# 2009 NodakOutdoors Fantasy Baseball League



## Tator (Dec 10, 2005)

Hey fellas, it's that time of year again to get this rolling. Tator is looking for competition after winning this league for 3 , yes, 3 years in a row. I need competition ladies!!!!!

For those of you who were in last year, and email has been sent to your email address provided at yahoo.

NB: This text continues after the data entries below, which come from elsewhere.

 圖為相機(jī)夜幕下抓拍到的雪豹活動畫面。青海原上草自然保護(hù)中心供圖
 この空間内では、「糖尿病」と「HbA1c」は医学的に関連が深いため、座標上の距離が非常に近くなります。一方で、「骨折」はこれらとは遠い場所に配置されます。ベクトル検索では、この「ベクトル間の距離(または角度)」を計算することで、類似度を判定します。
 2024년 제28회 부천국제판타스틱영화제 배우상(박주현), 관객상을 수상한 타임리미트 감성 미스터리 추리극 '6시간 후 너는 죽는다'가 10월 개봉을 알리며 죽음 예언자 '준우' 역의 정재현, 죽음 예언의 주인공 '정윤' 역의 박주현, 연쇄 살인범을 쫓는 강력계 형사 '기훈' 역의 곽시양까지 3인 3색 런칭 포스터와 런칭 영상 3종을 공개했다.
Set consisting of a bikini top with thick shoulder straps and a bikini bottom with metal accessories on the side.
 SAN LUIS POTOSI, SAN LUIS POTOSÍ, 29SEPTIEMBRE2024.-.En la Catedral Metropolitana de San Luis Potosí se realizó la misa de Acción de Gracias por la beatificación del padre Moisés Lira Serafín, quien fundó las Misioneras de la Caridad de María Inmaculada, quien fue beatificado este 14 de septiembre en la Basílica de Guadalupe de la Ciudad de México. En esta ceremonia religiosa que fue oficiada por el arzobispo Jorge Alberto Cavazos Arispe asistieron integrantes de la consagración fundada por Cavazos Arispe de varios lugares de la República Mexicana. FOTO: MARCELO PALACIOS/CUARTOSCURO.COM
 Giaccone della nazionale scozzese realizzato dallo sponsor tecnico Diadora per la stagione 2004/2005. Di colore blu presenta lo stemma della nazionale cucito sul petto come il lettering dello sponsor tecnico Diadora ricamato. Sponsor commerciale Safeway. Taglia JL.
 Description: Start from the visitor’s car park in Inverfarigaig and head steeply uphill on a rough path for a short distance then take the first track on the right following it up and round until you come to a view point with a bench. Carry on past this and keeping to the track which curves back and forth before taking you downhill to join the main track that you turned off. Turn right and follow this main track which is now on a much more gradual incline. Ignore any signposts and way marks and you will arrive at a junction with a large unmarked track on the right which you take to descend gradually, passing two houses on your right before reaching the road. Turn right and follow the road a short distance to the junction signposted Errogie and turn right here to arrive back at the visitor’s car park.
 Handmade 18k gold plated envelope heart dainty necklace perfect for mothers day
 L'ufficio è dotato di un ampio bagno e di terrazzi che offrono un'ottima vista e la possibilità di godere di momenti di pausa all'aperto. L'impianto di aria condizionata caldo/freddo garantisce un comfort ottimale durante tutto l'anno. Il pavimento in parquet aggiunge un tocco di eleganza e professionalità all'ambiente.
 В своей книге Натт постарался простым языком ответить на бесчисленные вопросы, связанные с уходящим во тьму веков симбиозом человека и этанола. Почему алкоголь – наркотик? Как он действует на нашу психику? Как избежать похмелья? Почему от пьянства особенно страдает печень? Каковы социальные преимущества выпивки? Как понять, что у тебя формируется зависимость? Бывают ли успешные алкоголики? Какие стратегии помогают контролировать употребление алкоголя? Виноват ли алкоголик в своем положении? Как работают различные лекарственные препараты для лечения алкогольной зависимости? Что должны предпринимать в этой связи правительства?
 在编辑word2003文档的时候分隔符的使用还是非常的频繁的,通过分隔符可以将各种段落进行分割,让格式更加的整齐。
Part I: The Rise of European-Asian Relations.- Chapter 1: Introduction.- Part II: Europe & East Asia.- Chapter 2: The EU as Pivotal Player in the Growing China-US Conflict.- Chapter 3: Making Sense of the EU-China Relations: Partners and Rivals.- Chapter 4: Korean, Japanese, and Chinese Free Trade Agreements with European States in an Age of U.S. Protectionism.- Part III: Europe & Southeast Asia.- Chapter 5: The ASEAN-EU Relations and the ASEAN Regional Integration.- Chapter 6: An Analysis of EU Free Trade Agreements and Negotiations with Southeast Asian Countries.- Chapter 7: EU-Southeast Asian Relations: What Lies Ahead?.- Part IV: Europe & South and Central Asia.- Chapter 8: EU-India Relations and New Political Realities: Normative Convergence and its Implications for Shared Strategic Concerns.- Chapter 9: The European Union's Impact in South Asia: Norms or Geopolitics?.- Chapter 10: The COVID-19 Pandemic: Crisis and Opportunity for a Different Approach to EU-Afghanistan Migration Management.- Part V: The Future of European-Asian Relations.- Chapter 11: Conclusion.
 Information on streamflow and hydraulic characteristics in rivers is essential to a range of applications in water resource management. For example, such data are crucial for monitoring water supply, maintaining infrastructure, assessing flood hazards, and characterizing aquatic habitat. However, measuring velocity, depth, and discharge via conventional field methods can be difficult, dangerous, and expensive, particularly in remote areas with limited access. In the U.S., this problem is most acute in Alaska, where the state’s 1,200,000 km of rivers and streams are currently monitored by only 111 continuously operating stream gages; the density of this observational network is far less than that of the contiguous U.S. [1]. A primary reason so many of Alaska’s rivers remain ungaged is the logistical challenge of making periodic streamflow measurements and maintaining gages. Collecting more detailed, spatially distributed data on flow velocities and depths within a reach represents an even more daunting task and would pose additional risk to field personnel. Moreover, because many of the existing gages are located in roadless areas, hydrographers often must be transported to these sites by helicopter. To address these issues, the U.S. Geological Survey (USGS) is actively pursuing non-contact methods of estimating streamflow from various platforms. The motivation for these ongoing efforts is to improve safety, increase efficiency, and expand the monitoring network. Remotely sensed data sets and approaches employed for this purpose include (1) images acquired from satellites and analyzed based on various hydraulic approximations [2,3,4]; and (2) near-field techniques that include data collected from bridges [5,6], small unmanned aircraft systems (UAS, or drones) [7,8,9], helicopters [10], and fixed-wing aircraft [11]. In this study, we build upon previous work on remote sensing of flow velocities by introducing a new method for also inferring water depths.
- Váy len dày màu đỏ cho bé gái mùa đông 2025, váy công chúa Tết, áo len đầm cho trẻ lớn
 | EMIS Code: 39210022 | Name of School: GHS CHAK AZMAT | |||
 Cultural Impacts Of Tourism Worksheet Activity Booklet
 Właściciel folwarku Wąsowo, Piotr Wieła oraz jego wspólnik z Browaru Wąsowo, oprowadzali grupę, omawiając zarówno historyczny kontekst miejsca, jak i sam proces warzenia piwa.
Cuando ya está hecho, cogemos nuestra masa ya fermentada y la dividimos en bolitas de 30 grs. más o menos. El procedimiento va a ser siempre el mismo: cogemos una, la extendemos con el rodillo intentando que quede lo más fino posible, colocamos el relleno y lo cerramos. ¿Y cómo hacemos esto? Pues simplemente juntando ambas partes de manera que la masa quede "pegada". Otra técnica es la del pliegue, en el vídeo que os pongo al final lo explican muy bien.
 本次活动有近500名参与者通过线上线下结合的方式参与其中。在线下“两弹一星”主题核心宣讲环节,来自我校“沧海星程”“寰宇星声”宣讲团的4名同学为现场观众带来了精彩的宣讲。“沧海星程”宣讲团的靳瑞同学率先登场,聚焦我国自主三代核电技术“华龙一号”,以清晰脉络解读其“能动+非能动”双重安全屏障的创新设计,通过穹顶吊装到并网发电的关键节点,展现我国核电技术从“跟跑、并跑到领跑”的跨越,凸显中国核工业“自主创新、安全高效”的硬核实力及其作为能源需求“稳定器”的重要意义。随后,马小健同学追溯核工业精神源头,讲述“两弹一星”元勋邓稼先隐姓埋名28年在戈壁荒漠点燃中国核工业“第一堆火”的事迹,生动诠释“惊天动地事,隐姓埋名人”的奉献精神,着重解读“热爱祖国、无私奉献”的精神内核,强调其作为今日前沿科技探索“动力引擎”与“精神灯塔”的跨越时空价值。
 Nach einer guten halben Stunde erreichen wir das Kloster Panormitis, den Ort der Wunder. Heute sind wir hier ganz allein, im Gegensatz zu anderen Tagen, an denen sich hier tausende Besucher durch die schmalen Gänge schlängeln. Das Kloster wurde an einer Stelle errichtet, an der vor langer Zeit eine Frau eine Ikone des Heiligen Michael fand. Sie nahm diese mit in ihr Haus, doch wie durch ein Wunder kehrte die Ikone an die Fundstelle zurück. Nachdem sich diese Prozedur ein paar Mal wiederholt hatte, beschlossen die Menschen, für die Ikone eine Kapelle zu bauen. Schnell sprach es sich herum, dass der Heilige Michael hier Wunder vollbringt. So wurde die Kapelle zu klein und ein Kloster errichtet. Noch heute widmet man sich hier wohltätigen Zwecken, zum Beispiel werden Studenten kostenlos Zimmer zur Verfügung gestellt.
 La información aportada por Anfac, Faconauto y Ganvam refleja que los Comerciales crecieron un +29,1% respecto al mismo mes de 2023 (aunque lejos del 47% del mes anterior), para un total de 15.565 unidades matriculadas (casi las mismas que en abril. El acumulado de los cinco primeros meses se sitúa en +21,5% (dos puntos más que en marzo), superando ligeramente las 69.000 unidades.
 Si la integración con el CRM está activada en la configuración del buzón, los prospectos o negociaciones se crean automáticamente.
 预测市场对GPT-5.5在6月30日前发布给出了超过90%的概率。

Once we get as many in as possible, we will open it up to new guys from nodakoutdoors who think they know how to play fantasy baseball.

Again, I need some competition, someone, anyone.......I've beaten these children for 3 years now, and I am starting to get bored with em...

Let the trash talk begin!!!

For the new guys, PM me and I can get you the password and ID#

I believe you will need a yahoo email address, so get this taken care of if you don't have one

See you in the War Room

Tator


----------



## holmsvc (Nov 26, 2003)

What is the format?

What are the rules?


----------



## Tator (Dec 10, 2005)

roto 5x5


----------



## Tator (Dec 10, 2005)

Well we got most back from last year, so there are a few open spots left for the 2009 Fantasy Baseball League.

Get a yahoo account, and sign up. LIVE online draft will be March 27th Friday night 8 pm. Don't need to be at the live draft as you can pre-rank your players and have the computer draft for you.

good luck

ID# is 182037 and the Password is nodak


----------



## Tator (Dec 10, 2005)

DRAFT DATE HAS CHANGED TO SUNDAY MARCH 29TH AT 1 PM

THIS SHOULD HOPEFULLY HELP WITH EVERYONE GETTING TO THE DRAFT IF THEY WANT TO BE THERE!!!


----------



## Tator (Dec 10, 2005)

We have 10 guys already signed up, would like to have 12, but 10 is ok.

2 spots open!!! Draft is Sunday at 1 pm


----------



## hntnmn23 (Feb 26, 2007)

Good Luck Everyone.... :beer:


----------



## 870 XPRS (Mar 12, 2003)

Forgot all about it with the flood and things going on in town here....looking at my team I have a lot of moves to make this year to get into contention.


----------



## Tator (Dec 10, 2005)

you and 'in contention' should not be in same sentence


----------



## 870 XPRS (Mar 12, 2003)

.......point taken.


----------